The Velvet Underground não se vale de uma narração, o que evita a condução da história para um viés em particular. Na verdade, o que se tem são observações apresentadas pelos membros da banda, colegas artistas, amigos e familiares. David Bowie, o camaleão do rock, é um deles. Mas a obra tampouco se aventura em ser uma mera enciclopédia multimídia, recheada de sons e imagens didaticamente expostas. Haynes não se vê claramente obrigado a contar uma história que conecte pontos.
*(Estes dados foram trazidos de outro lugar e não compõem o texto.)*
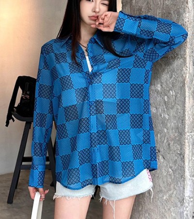 [홍콩명품.LOUIS VUITTON] 루이비통 24SS 로고 다미에 여성 남방 셔츠 (블루), BM14239, TBG, 홍콩명품의류,구매대행,온라인명품 > 여성몰
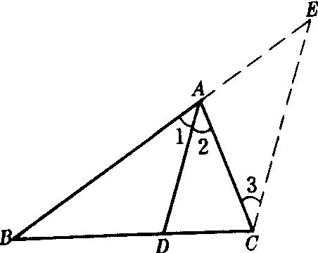 证明:如图所示,作CE∥DA交BA延长线于E,∠E=∠1=∠2=∠3,所以AE=AC.由平行线
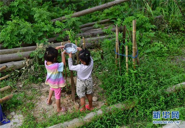 在烏英苗寨,小朋友給樹(shù)苗澆水(6月20日攝)。 新華社記者 黃孝邦 攝
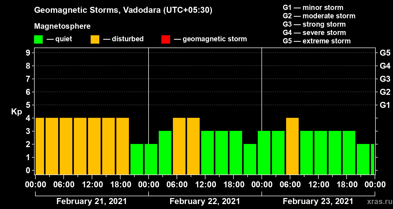 Geomagnetic storms in Vadodara — Feb 23, 2021
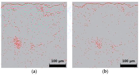 Photos of a glass substrate sprayed with SiO2 particles observed using a 10× magnification microscope (MM-800, Nikon, Tokyo, Japan) and particle analyzer software: (a) immediately after the application of particles and (b) at one minute of air spray cleaning.
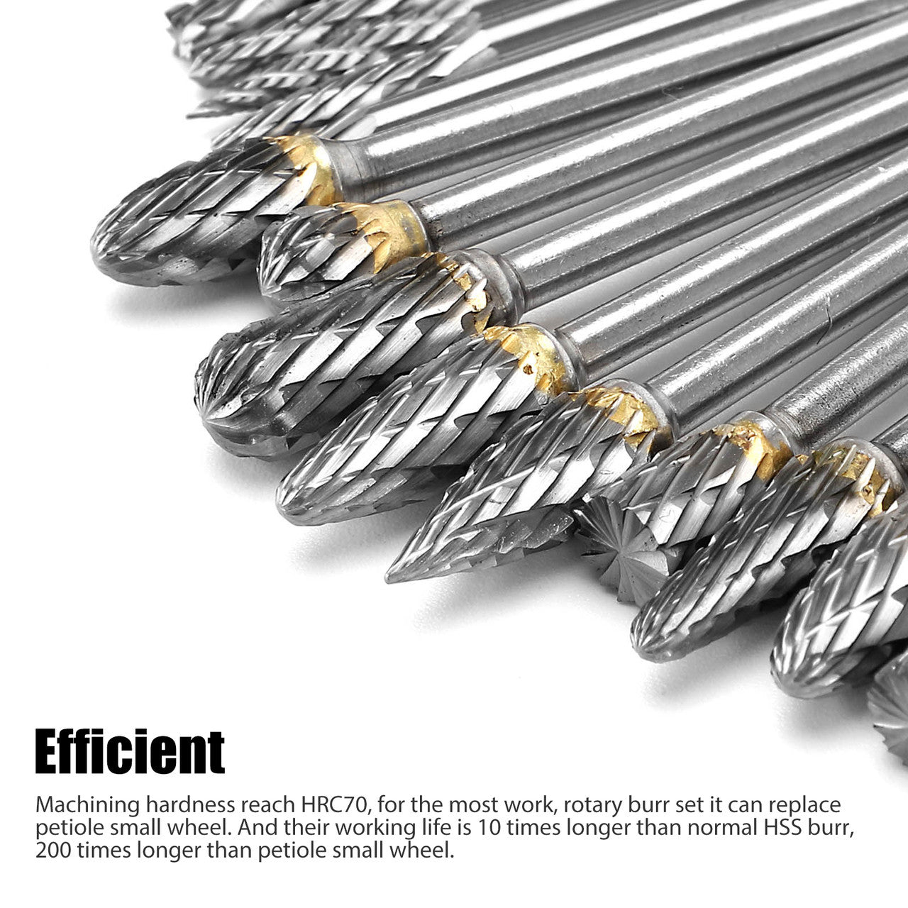 ✅Efficient: Machining hardness reach HRC70, for the most work, rotary burr set it can replace petiole small wheel. And their working life is 10 times longer than normal HSS burr, 200 times longer than petiole small wheel.

O resultado é que polêmicas ou arestas da trajetória e do fim da banda vão permanecer secretos ou incertos, mesmo depois de assistir ao documentário. Os verdadeiros motivos da contenda entre um vanguardista Cale e um intempestivo e visceralmente pop Reed ficam no ar, e não se resolvem. The Velvet Underground segue o tempo cronológico, tomando como base os discos, hoje clássicos, e os diferentes momentos do grupo em cada um deles. É no mínimo delicioso ouvir Moe Tucker desdenhar do movimento hippie e da onda paz e amor que varreu o planeta: “Nós odiamos isso. Caia na real”, a senhora hoje com 77 anos desdenha. A uma canção “Monday Monday” (Tão boa para mim/ A manhã de segunda foi tudo que eu esperava que fosse), do The Mamas and the Papas, a banda vanguardista vem com um “Sunday Morning” (Domingo de manhã, e estou caindo/
Sinto algo que não quero saber).
O documentário The Velvet Underground se alinha a três trabalhos anteriores de Todd Haynes, que dirigiu Superstar (1987), uma biografia velada de Karen Carpenter, Velvet Goldmine (1998), que trata da cultura do glam rock, e I’m Not There (2007), que explora a faceta de múltiplos personagens e atores de Bob Dylan. No primeiro, o diretor já deixava claro no recorte final que considerava a banda Velvet Underground como “lendária”. Nessa sua nova obra, ele entrega o devido tributo de um fã. Ao jornal The Guardian, ele escreveu (em tradução literal): “Quero dizer, é claro, eu tenho uma inveja artística dessas pessoas, de quão plugados em um momento um músico pode ser, quão diferente seu meio é do meu. Mas nenhum dos meus filmes foi movido por isso. Eles são mais sobre o que a música significa culturalmente, como ela mudou o mundo”.